— Я писатель,
Я поэт,
Я художник,
Я эстет!
Славик останавливается, значительно глядит на Фокина:
— А ведь блестяще.
Лезет в тумбу, достает записную книжку:
— Так, сейчас запишем, под сегодяшним числом.
— Зачем дату-то, на такой пустяк? — улыбается Фокин.
— Для истории, — серьезно отвечает Мамалыгин.
Ужин выдался нескучным. Лёха взял кусок ржаного хлеба, оторвал корку, а из мякины слепил человека.
— Я бог, — сообщил Лёха. Славик пораженно взял из рук его фигуру, подвигал ее конечностями.
— Не сломай, осторожно! — взмолился Фокин. Мамалыгин отдал его хлебного человека:
— Засуши, повезем в Бары. Покажем. А может выставку сделать? Ты еще разного налепи.
Фокин задумался. Тут Землинский сообщил им, что вечером идет с Ноликовым на рыбалку, а утром возможно поедет в город по делам, так что обходитесь как-то без него.
Наутро Землинский к завтраку не явился. Солнышко так — проснулось лениво, глаза открыло, с неохотцей. Глядя в окно столовой, Фокин произнес:
— Наверное к вечеру будет дождь. Пойдем по грибы? А, как же мы пойдем по грибы, если тут леса нет, — и засмеялся.
Трах-тара-рах! Это в кухне прогремела посуда — крышка, наверное с самой большой кастрюли, грохнулась об пол! Истошный крик. Фокин сразу весь дернулся — он хотел просить добавки, а если с поваром случилась трагедия, то хавчик накрылся. Всё затихло.
В столовку из кухни повалили люди. Это были дачники с того берега озера. Впереди всех — семейство Плютовых — Константин Сергеевич, Сергей Константинович, Анна Яковлевна, и наконец просто Настя, младшенькая, дочка. С хориными глазами, вытянутыми руками, совали непослушными, толстыми языками в отворенных ртах и сипели:
— Жрать. Жрать.
— Я не вкусный! — Фокин с ногами впрыгнул на столик, расшвыривая блюда.

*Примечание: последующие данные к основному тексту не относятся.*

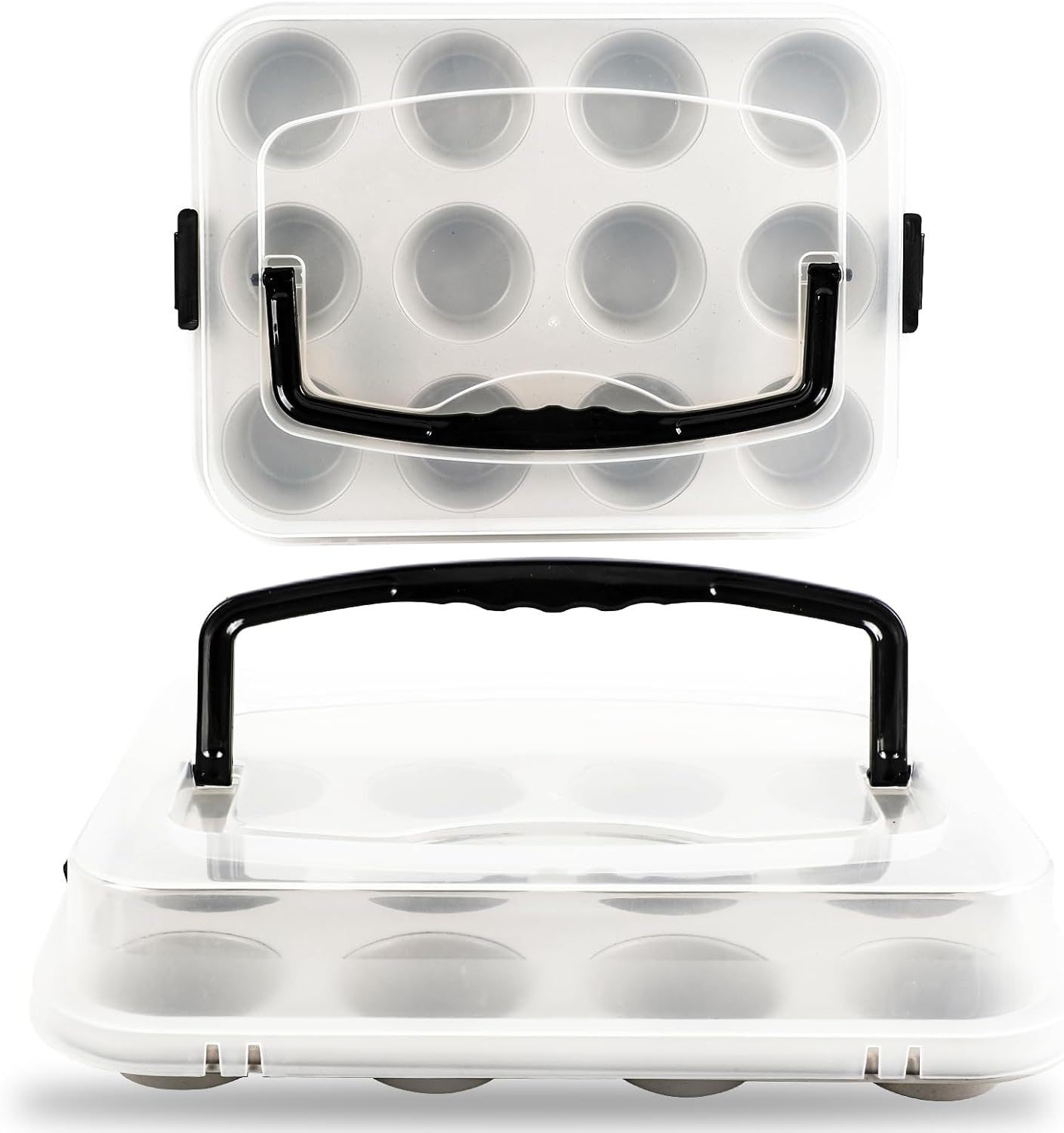 • Easy to Carry: This 2-pack 12-cup muffin pan has a convenient carry lid, BPA-free clear lid and safety lock clips to keep baked goods fresh and make shipping hassle-free. Perfect for picnicking, storing in the pantry and carrying around.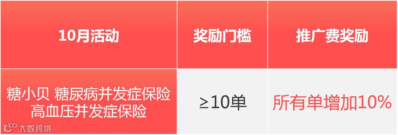 农历九月九是中国传统的重阳敬老节,敬老是中华民族的传统美德。老年人也是糖尿病和高血压的高发人群,为了促进全国老年人的糖尿病和高血压并发症的保障,10月众推广商户推广两类产品都可以获得高额奖励。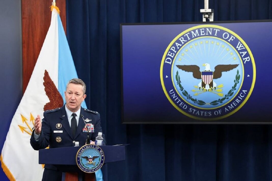 Σε μια ενημέρωση από το Πεντάγωνο, ο υπουργός Άμυνας των ΗΠΑ, Πιτ Χέγκεσεθ, πλαισιωμένος από τον αρχηγό του Γενικού Επιτελείου Στρατού, στρατηγό Νταν Κέιν,...
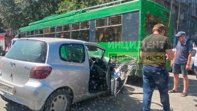 В Новосибирске спасли зажатую в машине после столкновения с троллейбусом женщину

— Стойте! — Славик ступил вперед и выставил руки, показывая ладони и растопыренные пальцы. Настя схватила его руку и грызанула. Заработали челюсти влево-вправо. Без двух пальцев — среднего и указательного, с кровоточащими бугорками, Славик начал пятиться. Потом до него дошло, что случилось. И вот он изумленно показывает миру свою руку — глядите! Глядите! Что же это сделалось? Нету двух.

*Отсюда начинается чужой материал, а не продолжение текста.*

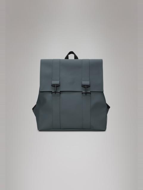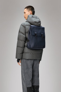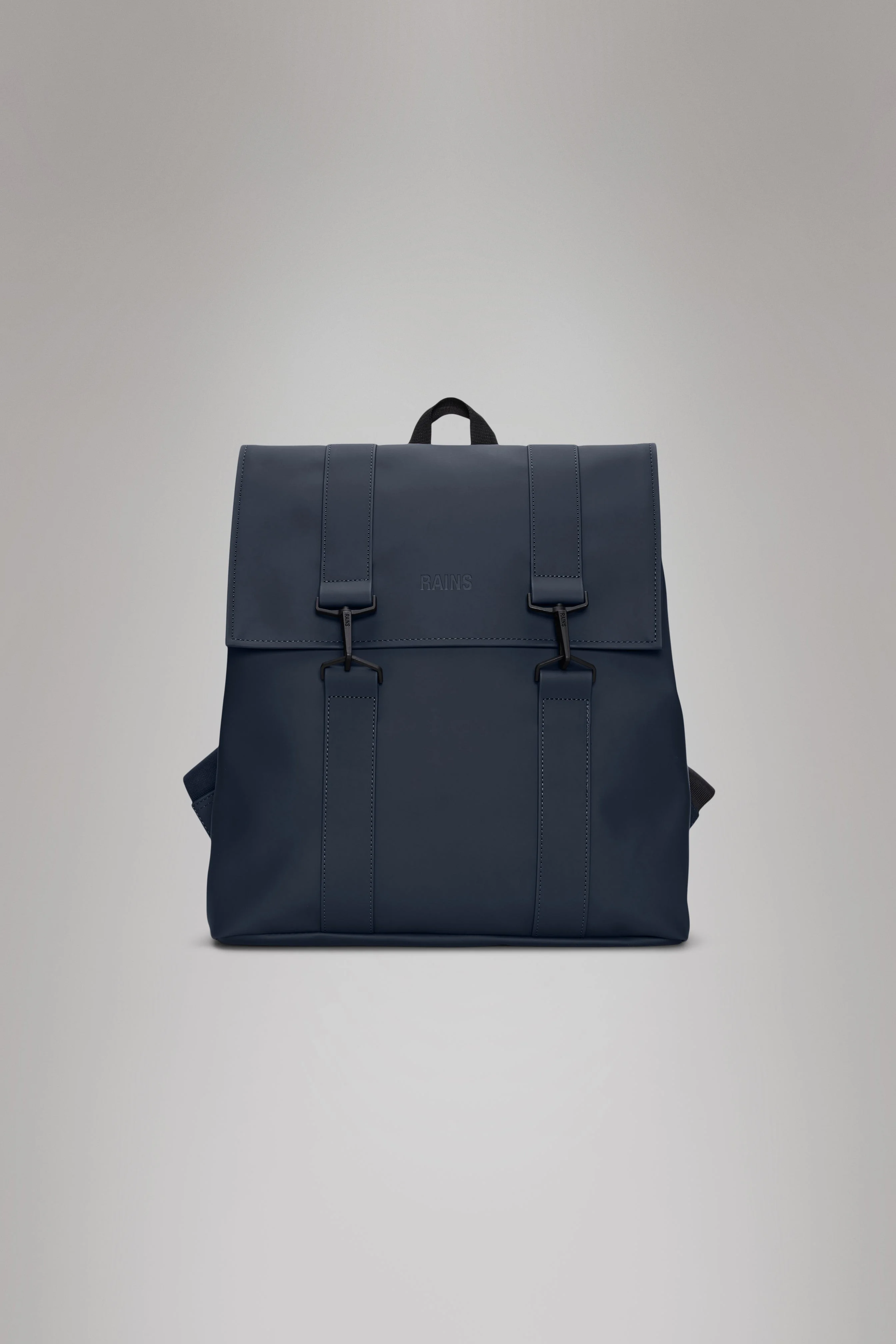MSN Bag reinterprets the classic school backpack for city-ready wardrobes. Characterized by a minimalistic silhouette and flap with carabiner closure. This bag features an internal laptop pocket, a spacious main compartment and finished off with snap compressions at opening and sides. The laptop pocket fits a 13" laptop with sleeve, making the MSN Bag a perfect computer-ready staple for everyday commutes. MSN Bag is cut from Rains' signature PU fabric, engineered for carrying strength, durability and a smooth feel. SKU: 13300\47 Details Composition: 100.00% PES (Polyester) Water column: 8000 mm Weight: 30.7 oz Features - Waterproof signature PU fabric - Flap with signature carabiner closure - Single main compartment - Padded pocket fits 13" laptop - Snap compressions at opening - Side-mounted snap compression - Adjustable shoulder straps - Webbing carry handle

Фокин, бешенство — в припадке он бежит на месте, размахивает конечностями, с невидимым противником сражается, на устах протяжный горшечный вопль. Мамалыгин пытается сосредоточиться, отвлечь себя от боли — кажется, что он был на лютом морозе, пальцы замерзли, а теперь он вошел в теплое помещение и они оттаивают с невозможным, ноющим горячением. Мамалыгин скрипит:
— Тут же кухня. Запасы продуктов. Идите ешьте. Идите ешьте!